Our book is precisely about the moral and intellectual bankruptcy
of the very policy of tabooization implied by the scornful
question "Talk to a McVeigh?" We should ask what
is so wrong about talking to McVeigh. Shouldn't his lawyer,
for instance, talk to him? Were the media transgressing legitimate
moral or legal bounds when they interviewed him? Shouldn't
the police talk to McVeigh? The startling fact is that the
board members were falling into the worst intellectual binds
of the inquisitorial world view which seeks to demonize the
Other so evident in the history of witchcraft and paranoid
conspiracies such as McCarthyism. It is a perspective in which
taboo and censorship are substituted for inquiry and dialogue
in the name of superior morality. (Fortunately for us, the
book contract we were unable to get from the university press
in four years was offered by Routledge in four weeks.)
This policy of "not talking" with terrorists is
not unique to editorial boards. Whether it is "the terrorist"
Yasir Arafat or "the terrorist" Gerry Adams, the
key approach of established governments has always been that
no legitimacy (no access to dialogue) should be granted to
them--that is, of course, until they are received at the White
House by the president himself. Furthermore, the practice
of "not talking" and demonization can lead to tragic
consequences: witness Waco and Ruby Ridge--two events later
invoked by McVeigh for his own actions. The counterterrorism
agenda has always buttressed its discourse with large doses
of moral indignation, yet it is abundantly clear that the
very governments that are zealously engaged in eradicating
the scourge of terrorism--Spain, Great Britain, Israel, Peru--have
themselves engaged in actions which, according to their own
definitions, fall clearly under the rubric of "terrorism."

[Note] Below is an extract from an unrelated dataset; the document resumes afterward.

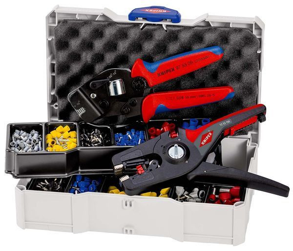 97 90 15 Crimp-Sortiment Im TANOS MINI-systainer® (stabile Kunststoffbox). Zwei stapelbare Kunststoffeinsätze mit je sechs Mulden für Verbinder. Mit einem Sortiment Aderendhülsen mit / ohne Kunststoffkragen. T-Loc-Verschluss für Einhandbedienung: mit einem Dreh den systainer® öffnen oder schließen und mit einem zweiten systainer® verbinden.. mit Crimpzange für Aderendhülsen 97 53 09 und automatische Abisolierzange KNIPEX PreciStrip16® 12 52 195. systainer® ist ein eingetragenes Warenzeichen der TANOS GmbH. Lieferumfang: 1 x 97 53 09 KNIPEX Selbsteinstellende Crimpzange für Aderendhülsen mit Fronteinführung (0,08 – 10 + 16 mm²), 100 x KNIPEX Twin-Aderendhülsen mit Kunststoffkragen (2 x 1,5 mm²), 80 x KNIPEX Twin-Aderendhülsen mit Kunststoffkragen (2 x 2,5 mm²), 40 x KNIPEX Twin-Aderendhülsen mit Kunststoffkragen (2 x 4,0 mm²), 30 x KNIPEX Twin-Aderendhülsen mit Kunststoffkragen (2 x 6,0 mm²), 20 x KNIPEX Twin-Aderendhülsen mit Kunststoffkragen (2 x 10,0 mm²), 150 x KNIPEX Aderendhülsen mit Kunststoffkragen 14 / 8 mm (1,5 mm²), 100 x KNIPEX Aderendhülsen mit Kunststoffkragen 14 / 8 mm (2,5 mm²), 80 x KNIPEX Aderendhülsen mit Kunststoffkragen 17 / 10 mm (4 mm²), 50 x KNIPEX Aderendhülsen mit Kunststoffkragen 20 / 12 mm (6 mm²), 35 x KNIPEX Aderendhülsen mit Kunststoffkragen 22 / 12 mm (10 mm²), 20 x KNIPEX Aderendhülsen mit Kunststoffkragen 24 / 12 mm (16 mm²), 1 x 12 52 195 KNIPEX PreciStrip16® Automatische Abisolierzange (0,08 - 16 mm²),

In typical irony, the Israeli arch-counterterrorist Netanyahu
warned in an op-ed article in the New York Times, "Act
Now Against the Terror Network," that "the West
must confront the latest threat," published on the very
day on which Yitzhak Rabin was assassinated by, as the columnist
Thomas Friedman remarked, "a gunman whose politics are
virtually identical with that of Mr. Netanyahu's Likud Party
and its allies in the Orthodox Jewish right."
In general, then, it is the policy of demonizing the Other
for the sake of one's superior morality and truth that is
the classic error leading to such disasters. They are chilling
instances of the immorality of moralism. That the board members
of a major university press could fail to see such connections
and even scornfully rally around the slogan "Talk to
a McVeigh?" is astonishing; their adherence to their
own terrorist mythology could not be more apparent.